The Download: Airbnb submitted its filing for a $1 billion initial public offering on Monday. The San Francisco–based home-sharing company will list on the Nasdaq under the ticker ABNB; the listing will be led by Morgan Stanley and Goldman Sachs.
The Outlook: Once valued at $31 billion in 2017, Airbnb’s valuation fell to $18 billion when it secured an emergency equity and debt round at the beginning of the pandemic. While it reported a $700 million net loss on $2.5 billion for the first nine months of 2020, compared to a $322 million net loss on $3.7 billion in revenue for the same period the year before, drastic cost-cutting measures and a rebound in bookings led to a $219 million profit in the third quarter.
In Their Own Words: On the resiliency of its business model: “People wanted to get out of their homes and yearned to travel, but they did not want to go far or to be in crowded hotel lobbies. Domestic travel quickly rebounded on Airbnb around the world as millions of guests took trips closer to home. Stays of longer than a few days started increasing as work-from-home became work-from-any-home on Airbnb. We believe that the lines between travel and living are blurring, and the global pandemic has accelerated the ability to live anywhere,” the company stated in its prospectus.

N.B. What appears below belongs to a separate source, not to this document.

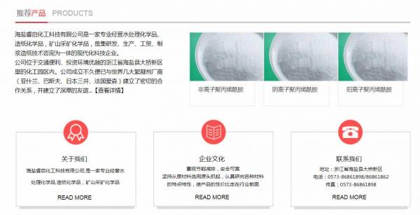 海鹽睿*化工科技有限公司選用我司企業(yè)化工原料行業(yè)的網(wǎng)站優(yōu)化產(chǎn)品,其SEO關鍵詞有 嘉興污水絮凝劑,嘉興污水處理廠,嘉興聚丙烯酰胺廠家,海鹽污水絮凝劑,海鹽污水處理廠,造紙化學品廠家,礦山凈水劑,洗沙凈水劑。其特點是用很合適的展示方式、展示效果、站點框架,把客戶及其用戶很關心的問題突出表現(xiàn);并以簡潔明朗的設計風格,清晰展現(xiàn)公司水平實力,確保一秒抓住目標用戶眼球,給用戶留下良好的第一印象。海鹽睿*化工科技有限公司成立于2012年,是經(jīng)海鹽市市場監(jiān)督管理局審核的有資質的公司,其統(tǒng)一社會信用代碼:91330424**289801X8。公司地址:浙江省海鹽縣大橋新區(qū)。

Surface Says: Airbnb is in a unique position to capitalize on the paradigm shift in travel. But you can bet hotels are taking note of the work-from-home trends, too, and the industry will be racing to innovate as we emerge from the pandemic. The recent news that Airbnb hired Jony Ive and his firm LoveForm to revamp its app, website, and rating system piqued our attention, though we’ll have to wait and see whether it proves to be a fruitful partnership. The travel industry will be watching the company’s IPO closely for clues about its enduring strength.